Alma To Build New Wires System and Compete Directly With Old Utility

Alma, Michigan has completed plans to build a new city-wide electric distribution system to compete with its current investor-owned utility, Consumers Electric (CE). The city's strategy may be promising from the standpoint of protecting consumers from "stranded investment" surcharges levied by utilities for their losses when consumers seek new providers.

Alma, a community of 9000 within 5.75 square miles, has a load of 55MW, much of which serves a refinery and heavy industrial base.

With financial assistance from local industrial customers, Alma hired Ohio-based Courtney & Associates in 1994 to conduct a $25,000 feasibility study on the costs and benefits of municipalization.

Because CE executives promised court battles to stop any city effort to condemn their distribution system, city leaders chose to forgo condemnation and consider building a new distribution system to buy power on the wholesale market and compete directly for customers with CE. The study concluded that local residents and businesses would save 20% in rates, or $61 million over ten years, and that 95% of industrial and commercial customers would switch to the municipal system due to these savings, joined by 90% of residential customers.

The city issued a Request for Proposals to test the market with real bidders, and received 11 different bids. After selecting a short list, the city determined that it could save an additional $11 million, including direct and debt costs of building the $18 million distribution system with 25 year municipal revenue bonds.

But these savings were put into question in 1995, after the Federal Energy Regulatory Commission (FERC) released its "Mega-NOPR" report, Order 888, which provided that a utility's right to impose stranded investment "exit fees" on consumers who choose a new provider would depend on whether the utility had a "reasonable expectation of continued service." Order 888 held that if a monopoly has a reasonable expectation of continued monopoly status, that it can require compensation when customers leave. Upon reading Order 888, CE attorneys announced that Alma's consumers would owe its shareholders $105 million, or $11,700 per consumer, in stranded investment payments, if the town municipalizes.

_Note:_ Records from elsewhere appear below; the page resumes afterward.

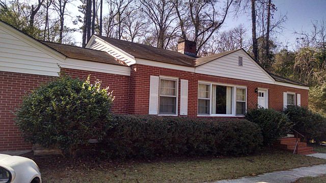 Solid older brick house has very private setting with paved drive and front yard. Two rooms with separate entrance would make excellent office or bedroom with half bath. House could use some updates, but has a lot to offer.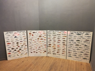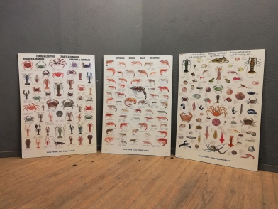 Colecção de 7 cartazes de animais marinhos impressos em cartão.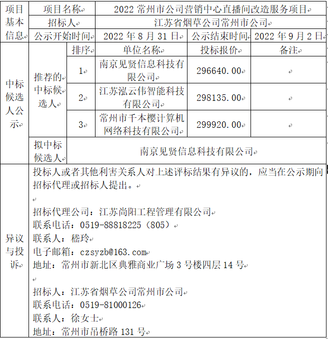 2022常州市公司營(yíng)銷中心直播間改造服務(wù)項(xiàng)目中標(biāo)候選人公示

But by the time they faced the FERC, CE attorneys had reduced that figure to between $44.7 and $56.1 million.

If upheld, CE's exit fee strategy could scuttle Alma's effort. But City Manager Douglas Thomas is confident. Alma's franchise agreement with CE expired in 1939. And while CE executives argue that a state law grants them a perpetual franchise - a monopoly to the end of time - the utility's franchise contract is non-exclusive, so even if CE's franchise is deemed perpetual by state law, CE cannot reasonably have ever expected monopoly status.

Otherwise, says Thomas, CE can still sell the power left stranded by municipalization, so it is not properly "stranded." This fact was brought home when it was discovered that CE is seeking state approval in separate hearings to purchase 44MW of new power from an affiliate to meet growing demand. "Either the power is stranded or it isn't; CE can't have it both ways," said Thomas.

The fate of Alma and other municipalization efforts around the country is in the hands of the Federal Energy Regulatory Commission. If the FERC allows recovery by CE, it will possibly eclipse the feasibility of all such efforts. Intervenor comments on Alma were due at FERC on February 14, but no date for a decision is scheduled.